Anyway I changed a little the DDL sharing dictionaries of the text columns you are using to do the semi join and the query is performing margially better (256ms instead of 400ms on a GTX 1050ti using GPU mode and a quad core i7 on CPU mode)
the modified DDL is
CREATE TABLE nyc_trees_2015_683k_sd (
created_at DATE ENCODING DAYS(16),
tree_id TEXT ENCODING NONE,
block_id TEXT ENCODING DICT(32),
the_geom TEXT ENCODING NONE,
tree_dbh SMALLINT,
stump_diam SMALLINT,
curb_loc TEXT ENCODING DICT(8),
status TEXT ENCODING DICT(8),
health TEXT ENCODING DICT(8),
spc_latin TEXT ENCODING DICT(8),
spc_common TEXT ENCODING DICT(8),
steward TEXT ENCODING DICT(8),
guards TEXT ENCODING DICT(8),
sidewalk TEXT ENCODING DICT(8),
user_type TEXT ENCODING DICT(8),
problems TEXT ENCODING DICT(8),
root_stone TEXT ENCODING DICT(8),
root_grate TEXT,
root_other TEXT,
trnk_wire TEXT ENCODING DICT(8),
trnk_light TEXT ENCODING DICT(8),
trnk_other TEXT ENCODING DICT(8),
brnch_ligh TEXT ENCODING DICT(8),
brnch_shoe TEXT ENCODING DICT(8),
brnch_othe TEXT ENCODING DICT(8),
address TEXT ENCODING DICT(32),
zipcode TEXT ENCODING DICT(8),
zip_city TEXT ENCODING DICT(8),
cb_num TEXT ENCODING DICT(8),
borocode TEXT ENCODING DICT(8),
boroname TEXT ENCODING DICT(8),
cncldist TEXT ENCODING DICT(8),
st_assem TEXT ENCODING DICT(8),
st_senate TEXT ENCODING DICT(8),
nta TEXT ENCODING DICT(8),
nta_name TEXT ENCODING DICT(8),
boro_ct TEXT ENCODING DICT(16),
state TEXT ENCODING DICT(8),
latitude FLOAT,
longitude FLOAT,
x_sp FLOAT,
y_sp FLOAT,
SHARED DICTIONARY (root_grate) REFERENCES nyc_trees_2015_683k(root_stone),
SHARED DICTIONARY (root_other) REFERENCES nyc_trees_2015_683k(root_stone));
to reload the table an IAS is quite fast
insert into nyc_trees_2015_683k_sd select * from nyc_trees_2015_683k;
probably it would be better to share dictionaries of trnk and brnch too.
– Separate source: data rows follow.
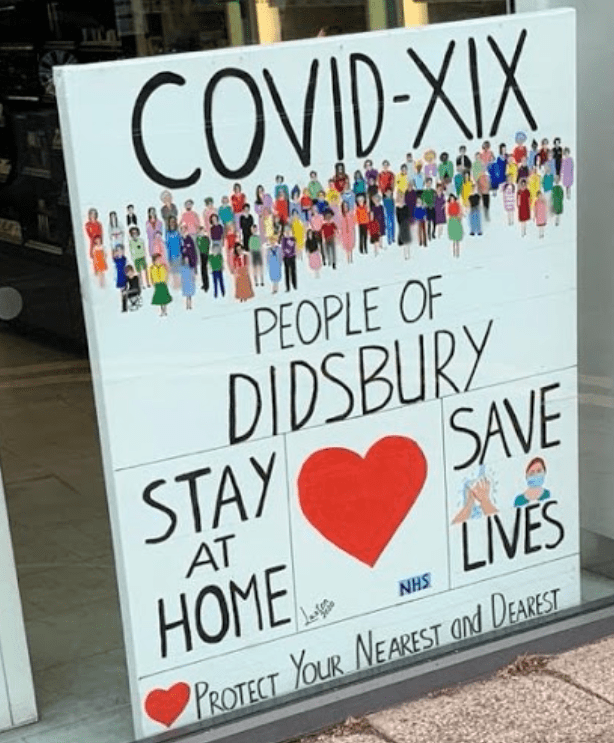 The pandemic has forced a new normal to exist, changing the atmosphere felt in the village centre. Figure 5 shows the precautions that many stores in the UK have to take to protect the workers and the wider community, being an essential shop that many rely on. Despite the great difficulties faced by Didsbury and having to physically be apart due to the pandemic, there is evidence of a strong sense of community. Figure 8 is a clear example, reminding the local residents to work together to stay apart in order to tackle the virus. This positive message connotes an importance of family safety, but also resilience, no matter how long it takes to reach the other side.
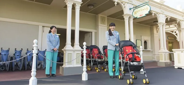 At the entrance of each park, you can rent a wheelchair or a baby stroller if you are bringing small children, elderly, or disabled visitors. Strollers are at a rental fee of ¥1,000 (~S$10.30) while wheelchairs are at a rental fee of ¥500 (~S$5.15). Motorised wheelchairs are also available at a higher fee of ¥2,000 (~S$20.59).
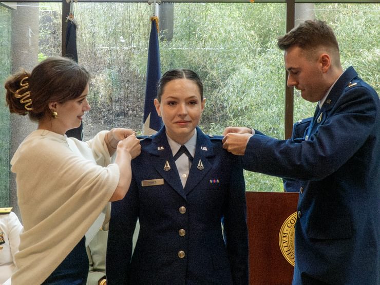 Before the pinning of ranks—assisted by Homes’s best friend, Sarah Pottle ’25, and her fiancé, fellow USSF 2d Lt. Cameron Morgan—Acquavella gave Homes some advice: “Never forget that relationships matter. You have a ton of relationships from your time here at Wellesley that will carry long into the future. And in terms of serving your country, we all understand that relationships build readiness.”
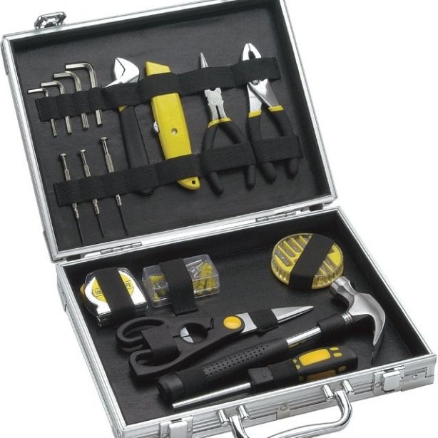 - Includes soft touch needle nose pliers, slip lock pliers, adjustable crescent wrench, hammer, tape measure, scissors, Allen key set, micro screwdriver set, screwdriver set and an assortment of plus, screws and nails.
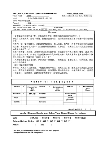 REKOD BACAAN MURID SEKOLAH MENENGAH Tarikh: 04/08/2021
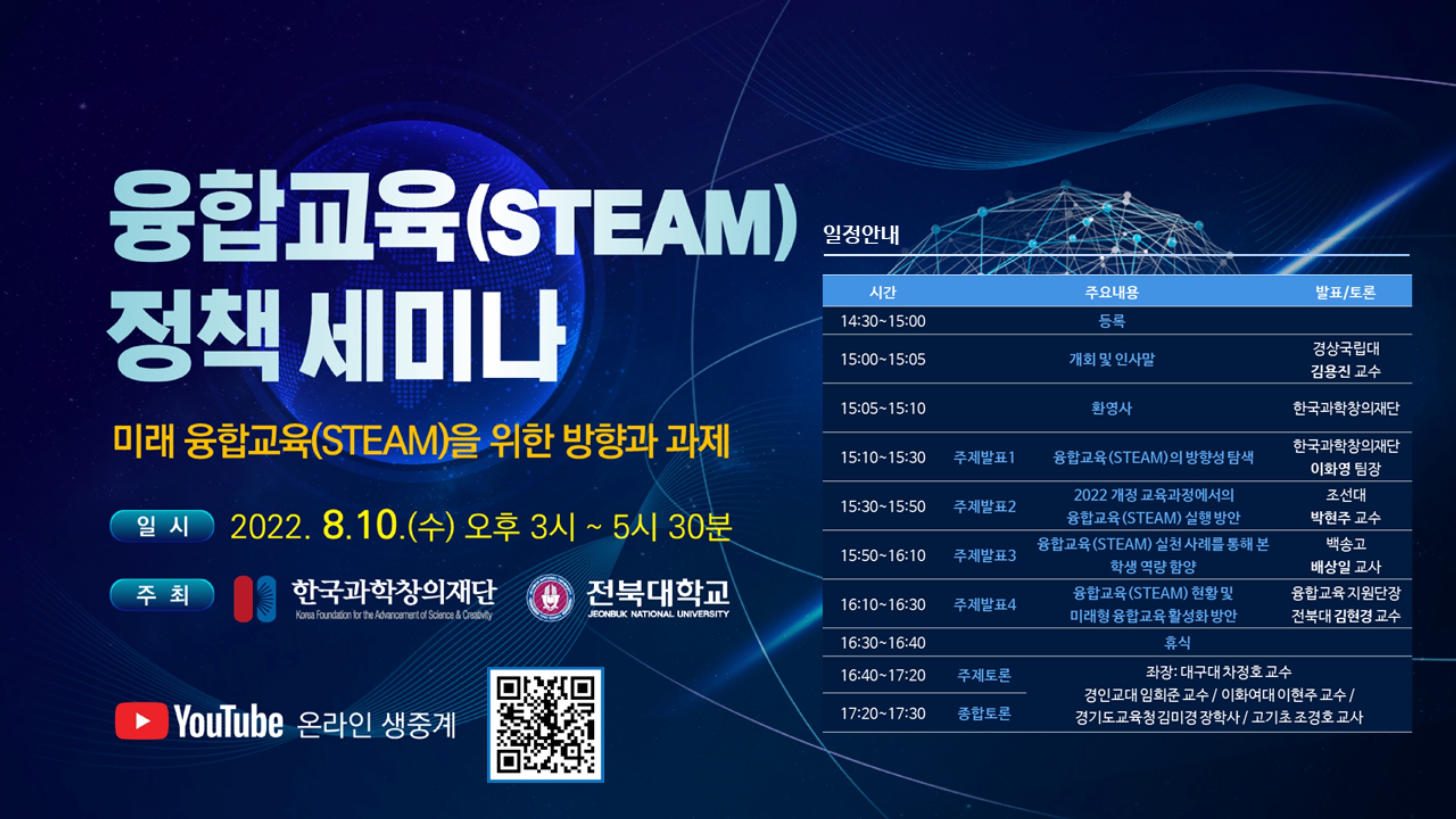 - [한국과학창의재단] 융합교육(STEAM) 정책 세미나 개최 안내
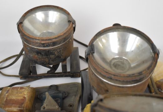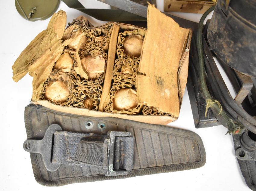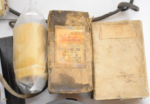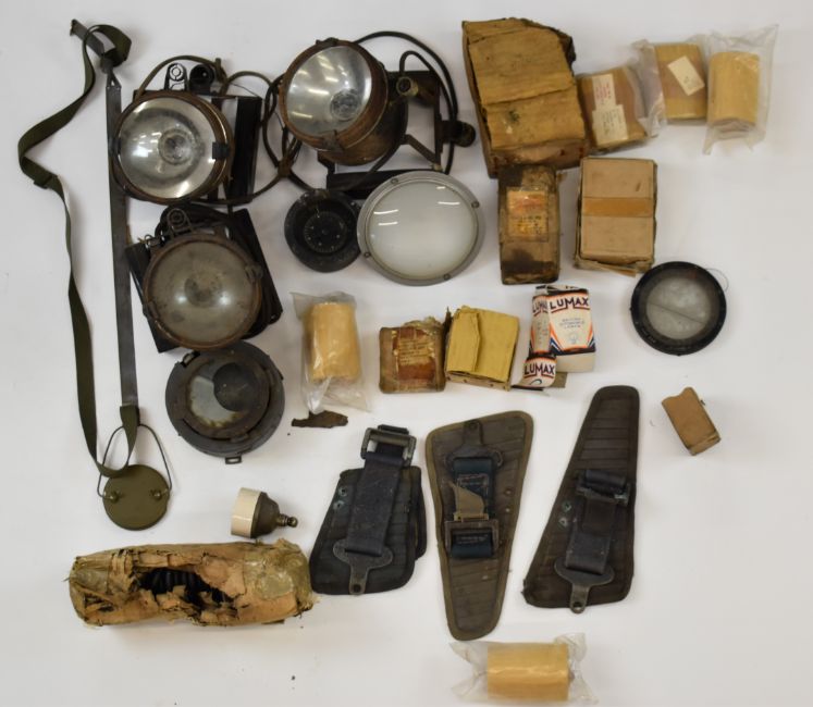 A collection of military equipment including lights, compass, bulbs etc, some in original packaging.

You can read about shared dictionaries here
to further speed-up the query (but I haven’t checked the results in full), I re-wrote the query against the dictionary shared table (It’s not going to work on the original table) this way
select
ma.block_id,
(
select
avg(mac.latitude)
from
nyc_trees_2015_683k_sd as mac
where (
KEY_FOR_STRING( mac.root_grate) = KEY_FOR_STRING(ma.root_stone)
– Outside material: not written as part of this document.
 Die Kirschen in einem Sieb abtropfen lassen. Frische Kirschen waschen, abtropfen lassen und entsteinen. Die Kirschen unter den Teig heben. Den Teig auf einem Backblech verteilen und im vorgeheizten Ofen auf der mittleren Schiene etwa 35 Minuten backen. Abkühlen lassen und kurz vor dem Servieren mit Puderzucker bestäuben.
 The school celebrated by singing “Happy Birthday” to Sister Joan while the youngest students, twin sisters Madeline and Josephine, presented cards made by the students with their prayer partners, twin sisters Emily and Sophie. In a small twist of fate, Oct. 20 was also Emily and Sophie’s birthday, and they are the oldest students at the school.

or KEY_FOR_STRING(mac.root_grate) = KEY_FOR_STRING(ma.root_other)
)
) as test
from nyc_trees_2015_683k_sd as ma
the key is the use of KEY_FOR_STRING function against the dictionary encoded strings used for the semi-join.
rewriting the query
now the query is returning back in 70-110ms.
If you need further assistance, please ask.
Have fun